Ikea Norway came one step closer a juicy tax backlash after losing also in the Court of Appeal.
The Court of Appeal agreed with the Norwegian tax authorities that the way Ikea sold properties to themselves in 2007 was “unreasonable and unnatural.”
In 2007 the Norwegian department stores were separated from Ikea Handel og Eiendom as seven separate companies that were transferred to a newly established Norwegian holding company, owned by an Ikea company in the Netherlands. But a few months later Ikea Handel og Eiendom bought the properties back for 2.1 billion NOK and financed the entire purchase by borrowing from Ikea Group’s internal bank in Belgium.
Then Ikea Handel og Eiendom demanded interest deduction for the internal loan of almost 440 million from 2008 to 2012.
Last week, Ikea was in focus at the European Commission as one of several multinational companies to be investigated for aggressive tax planning.
”This case concerns central topics within corporate structures and taxation where both we and the international community is concerned. Therefore, this kind of clarifications are major, says tax director Hans Christian Holte to Dagens Naeringsliv.
Communications Director Jan Christian Thommesen says Ikea has not yet decided whether the judgment should be appealed to the Norwegian Supreme Court.
Tax authorities denied the deduction in 2013 which now both the district court and the appellate court has not agreed to Ikea’s objections that the reorganization had taken place on commercial terms and that the Norwegian tax authorities tries to use a legal basis to restrict interest deductibility that did not come into place until 2014.

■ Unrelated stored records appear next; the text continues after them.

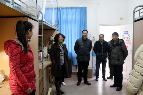 2月21日下午,外国语学院院长韩琨、院党委书记杨杰、副院长柴克清、党委副书记彭晓在院办、学生科、团委负责人、辅导员的陪同下深入学生宿舍看望返校学生,并给同学们送去了新年的祝福。
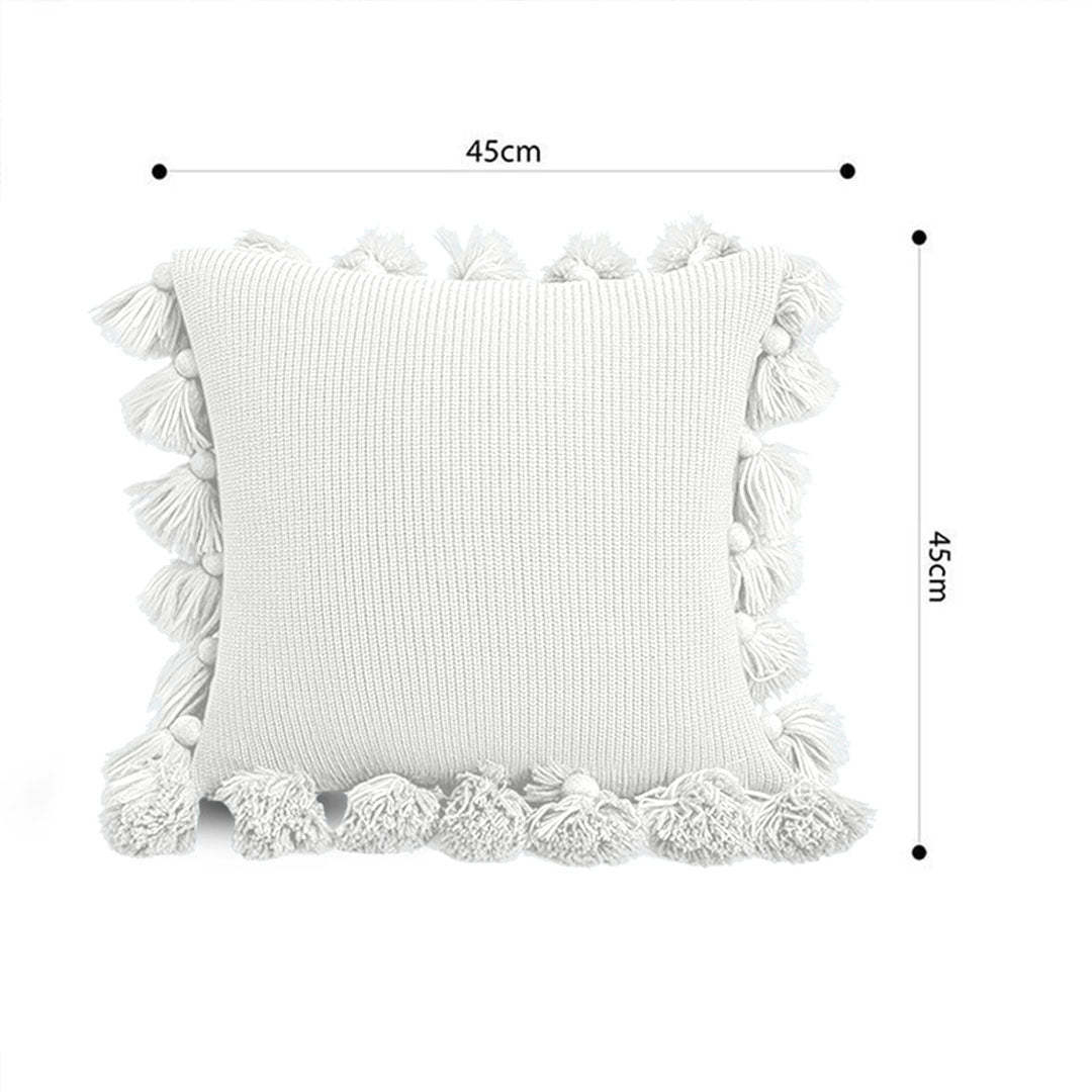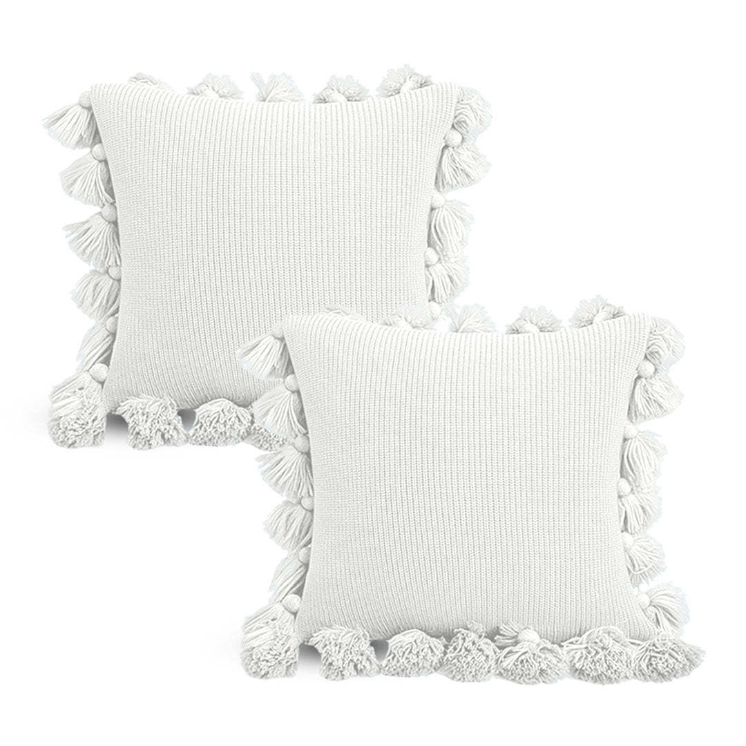 SOGA Set of 2 Textured 45cm Pillow Covers with Pom-Pom Trim (Pure White)
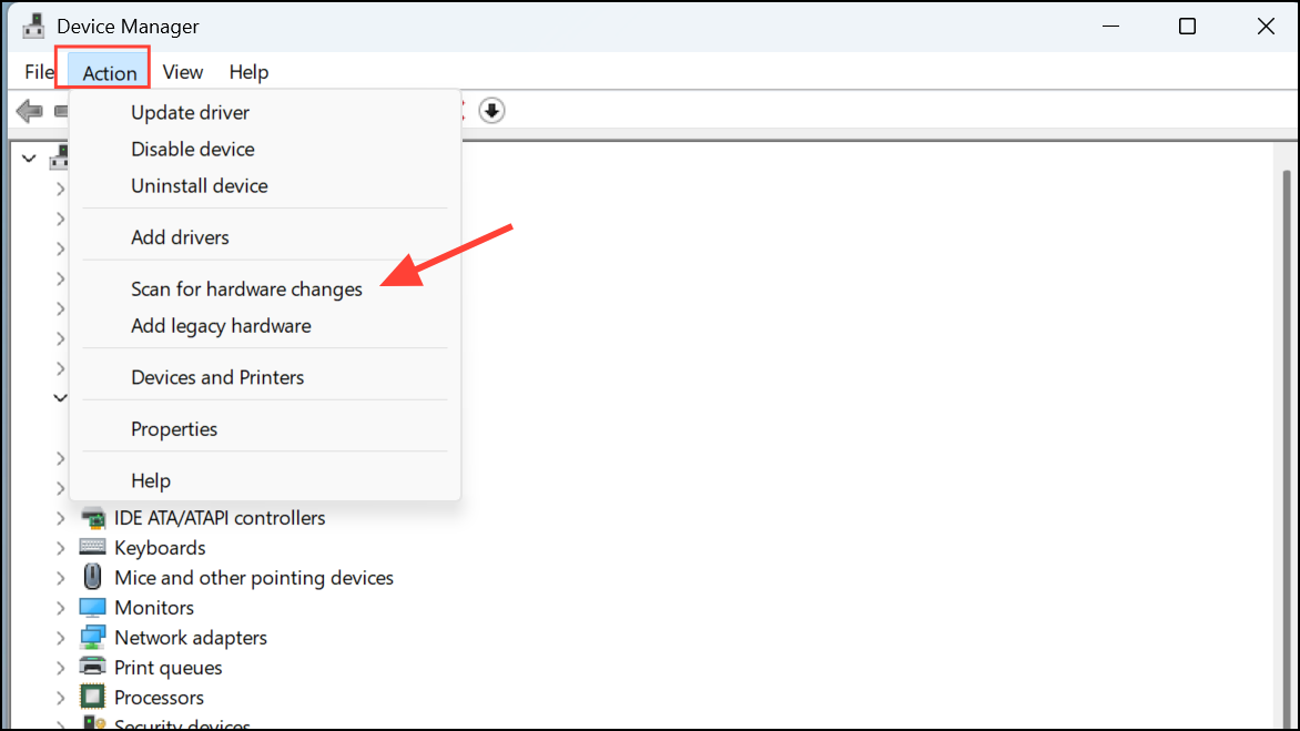 Step 6: Restart your PC, and Windows will attempt to reinstall the correct driver automatically. You can also use the Scan for hardware changes option in Device Manager if the driver doesn’t reinstall on reboot.

The Court of Appeal states that “an independent party would not undertake a similar reorganization from direct to indirect ownership by paying 2.1 billion NOK for something the company already owned, and in addition take out loans with significant interest coststo finance the purchase price”.
It also concludes that there is such a close connection between all the links in the process of reorganization that the whole transaction chain must be judged together in the assessment.